2 Replies Latest reply on Mar 20, 2012 1:14 PM by gdegremont

    HornetQ HA tests, fails to go back to normal state

    gdegremont

      Hello,

       

      I am faced with a strange behavior.

      I have 2 hornetq nodes on 2 hosts, 1 live (HQ1), 1 backup (HQ2)

       

      My test case is the following:

       

      HQ1 is up and live, HQ2 is up and backup.

      I have a message producer (MP) and a message consumer (MC).

       

      HQ1 is killed (through a kill -9)

      HQ2 becomes the live server.

       

      MP loses connection, and timeouts before HQ2 is up as new live.

      MC, loses connection, then gets it again and empties the queue.

       

      HQ1 is restarted, fails to become backup and successfully becomes the new live node.

      ***********************************************************************************

      java -Dcom.sun.management.jmxremote.port=1105 -Dcom.sun.management.jmxremote.authenticate=false -Dcom.sun.management.jmxremote.ssl=false -XX:+UseParallelGC -XX:+AggressiveOpts -XX:+UseFastAccessorMethods -Xms512M -Xmx2048M -Dhornetq.config.dir=/etc/local/bomapps/messaging-bus/config/bestofmedia/ -Djava.util.logging.config.file=/etc/local/bomapps/messaging-bus/config/bestofmedia//logging.properties -Djava.library.path=. -classpath ../lib/twitter4j-core.jar:../lib/netty.jar:../lib/jnpserver.jar:../lib/jnp-client.jar:../lib/jboss-mc.jar:../lib/jboss-jms-api.jar:../lib/hornetq-twitter-integration.jar:../lib/hornetq-spring-integration.jar:../lib/hornetq-logging.jar:../lib/hornetq-jms.jar:../lib/hornetq-jms-client-java5.jar:../lib/hornetq-jms-client.jar:../lib/hornetq-jboss-as-integration.jar:../lib/hornetq-core.jar:../lib/hornetq-core-client-java5.jar:../lib/hornetq-core-client.jar:../lib/hornetq-bootstrap.jar:/etc/local/bomapps/messaging-bus/config/bestofmedia/:../schemas/ org.hornetq.integration.bootstrap.HornetQBootstrapServer hornetq-beans.xml

      ***********************************************************************************

      [main] 15:10:40,387 INFO [org.hornetq.integration.bootstrap.HornetQBootstrapServer]  Starting HornetQ Server

      [main] 15:10:41,259 WARNING [org.hornetq.core.deployers.impl.FileConfigurationParser]  AIO wasn't located on this platform, it will fall back to using pure Java NIO. If your platform is Linux, install LibAIO to enable the AIO journal

      [main] 15:10:41,325 INFO [org.hornetq.core.server.impl.HornetQServerImpl]  live server is starting with configuration HornetQ Configuration (clustered=true,backup=false,sharedStore=true,journalDirectory=/home/sites/messaging-bus/shared/data/journal,bindingsDirectory=/home/sites/messaging-bus/shared/data/bindings,largeMessagesDirectory=/home/sites/messaging-bus/shared/data/large-messages,pagingDirectory=/home/sites/messaging-bus/shared/data/paging)

      [main] 15:10:41,326 INFO [org.hornetq.core.server.impl.HornetQServerImpl]  Waiting to obtain live lock

      [main] 15:10:41,355 INFO [org.hornetq.core.persistence.impl.journal.JournalStorageManager]  Using NIO Journal

      [main] 15:10:41,372 WARNING [org.hornetq.core.server.impl.HornetQServerImpl]  Security risk!

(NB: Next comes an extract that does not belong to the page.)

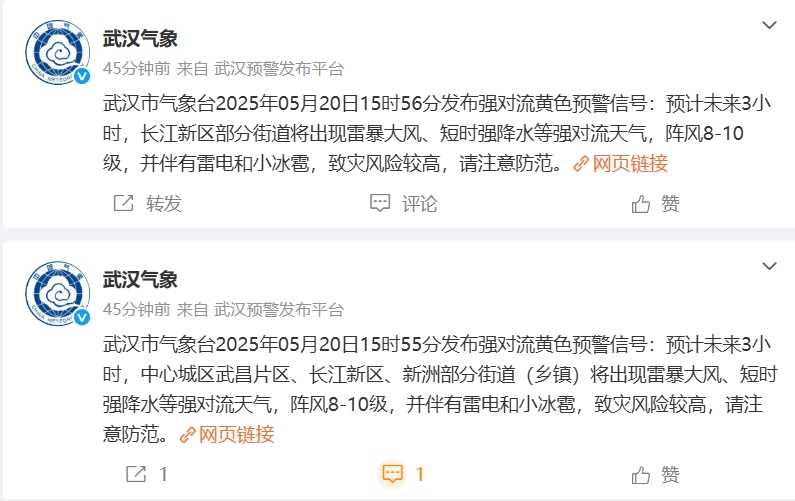 预计未来3小时,长江新区部分街道将出现雷暴大风、短时强降水等强对流天气,阵风8-10级,并伴有雷电和小冰雹,致灾风险较高,请注意防范。预计未来3小时,中心城区武昌片区、长江新区、新洲部分街道(乡镇)将出现雷暴大风、短时强降水等强对流天气,阵风8-10级,并伴有雷电和小冰雹,致灾风险较高,请注意防范。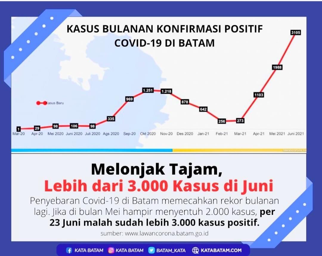 Bulan Juni 2021 menjadi bulan merah untuk jumlah kasus Covid-19 di Batam. Sepanjang bulan ini, Batam mencatatkan lebih dari 3.000 kasus positif Covid-19, tertinggi sepanjang pandemi.

It has been detected that the cluster admin user and password have not been changed from the installation default. Please see the HornetQ user guide, cluster chapter, for instructions on how to do this.

      [main] 15:10:41,573 INFO [org.hornetq.core.server.cluster.impl.ClusterManagerImpl]  announcing backup

      [Thread-0 (group:HornetQ-server-threads20327011-24080548)] 15:10:42,068 WARNING [org.hornetq.core.client.impl.ClientSessionFactoryImpl]  Tried 1 times to connect. Now giving up on reconnecting it.

      [Thread-0 (group:HornetQ-server-threads20327011-24080548)] 15:10:42,069 WARNING [org.hornetq.core.server.cluster.impl.ClusterManagerImpl]  Unable to announce backup

      HornetQException[errorCode=2 message=Cannot connect to server(s). Tried with all available servers.]

                at org.hornetq.core.client.impl.ServerLocatorImpl.createSessionFactory(ServerLocatorImpl.java:619)

                at org.hornetq.core.client.impl.ServerLocatorImpl.connect(ServerLocatorImpl.java:503)

                at org.hornetq.core.server.cluster.impl.ClusterManagerImpl$1.run(ClusterManagerImpl.java:860)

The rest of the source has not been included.